Faehrmann also spoke about the clearfelling of forest to feed the “insatiable export pulp and paper industry” and illegal logging in national parks.
She said koala numbers in New South Wales were already in rapid decline, having fallen from about 31,400 in 1999 to about 21,000 in 2010.
When European settlers first arrived in Australia, there were 10 million koalas in the wild. There are now a few hundred thousand at most and a senate inquiry held in 2011 was told that there are probably between 50,000 and 100,000.
Disease, drought, and bushfires are main causes of koala deaths, and thousands of them are killed each year when they are hit by vehicles or attacked by dogs. In addition to chlamydial disease, there is a retrovirus that is now rampant in koala populations.
Over the past 20 years, koala numbers have dropped by 40 per cent in Queensland and by a third in New South Wales. In the Pilliga Forest of northwest New South Wales, three-quarters of the koala population has been wiped out since 2000.
In May 2012, Australia’s federal environment minister Tony Burke announced that koalas would be listed as a vulnerable species in Queensland, New South Wales, and the Australian Capital Territory.
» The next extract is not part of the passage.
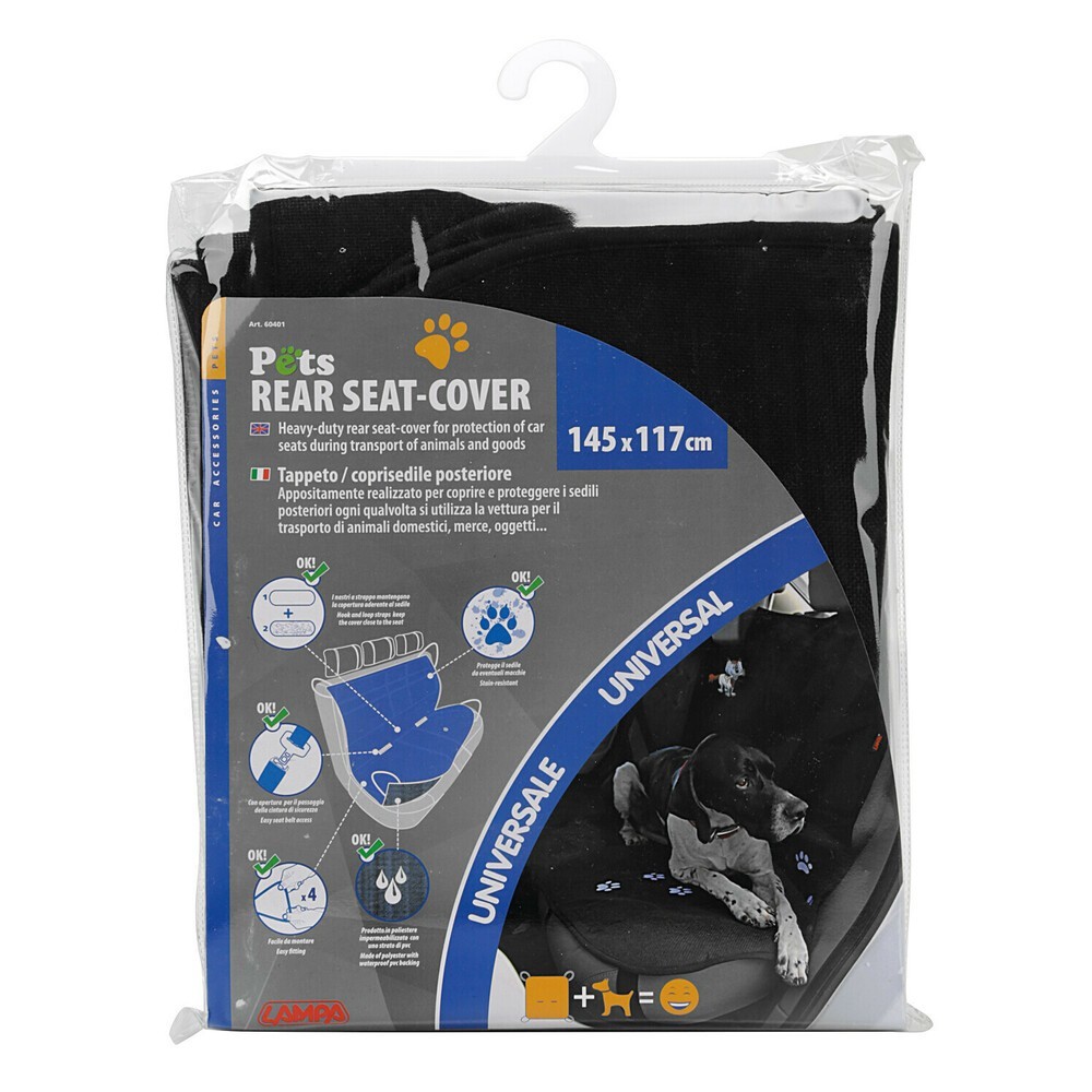 Appositamente realizzato per coprire e proteggere i sedili posteriori ogni qualvolta si utilizza la vettura per il trasporto di animali domestici, merce, oggetti... Universale per tutte le auto con sedile posteriore standard. Facile e rapido da utilizzarsi. Si posiziona in pochi secondi e si fissa utilizzando gli elastici ai 4 angoli. Con apertura per il passaggio della cintura di sicurezza. Lavabile (prodotto in poliestere impermeabilizzato con uno strato di pvc)

Campaigners for koala protection say the government didn’t go far enough, and that koalas should be listed as an endangered species throughout the country.
At today’s conference session, Sue Brookhouse from the Office of Environment and Heritage (OEH), Coonabarabran, talked about the impact of the Warrumbungle fires in New South Wales in January 2013.
Brookhouse had delegates in tears as she told of fires that were fierce enough to split rocks apart and devastated 53,000 hectares of land, including 90 percent of the Warrumbungle National Park. She told how drought had already dramatically reduced koala numbers even before the fire.
“We used to have so many koalas that you literally tripped over them,” she said. “During the drought they were dropping out of the trees because there was no water in the eucalyptus leaves or in the creeks. Their numbers were already sparse before the fire.” There is now only one koala in what remains of the park.
Meghan Halverson, president of the newly formed group Queensland Koala Crusaders, also gave a moving presentation, which included horrific images of dead and injured koalas. “My heart aches and breaks every time I hear of the death of a koala,” Halverson said. “We need to be a united voice for the koala. If we don’t band together, we are going to end up with an empty Australia. We need to just keep asking ‘What’s best for the koala?’”.
A positive note was struck by Ruth Lewis, from the Ipswich Koala Protection Society (IKPS), who told how, in 2010, local campaigners had succeeded in getting a planned freight train line moved to avoid it cutting through koala habitat.
It was a rare victory in the combat to save the koala, and the same habitat is now under threat again. A developer who bought the land cheaply in the 1990s is now reportedly trying to sell it, and it is an attractive site for mining companies and other industrialists.
Speaker John Callaghan, from the Gold Coast City Council, spoke about the ongoing translocation of the koala population from Coomera to Pimpama in Queensland. Up to 80,000 people will be moving into the new Coomera town centre and its surroundings.
More than half of the local population of about 500 koalas lived in the area targeted for development. In a difficult and painstaking operation, 180 koalas are being relocated from more than 30 development sites and high-risk locations.
All the translocated koalas undergo medical checks, and 40 percent of them have shown signs of disease. About 25 percent have shown clinical signs of chlamydia, which can cause blindness, sterility, and death.
The three-day koala conference has been organised by the Koala Hospital in Port Macquarie, with the backing of the local Hastings Council. About 170 people are attending, including delegates from Europe and the US.
Speakers include Geoff Pye from San Diego Zoo, who spoke about hip and shoulder dysplasia in koalas in his zoo population, and in zoos run by its loan partners in Europe and North America. The abnormality is not generally found in wild populations.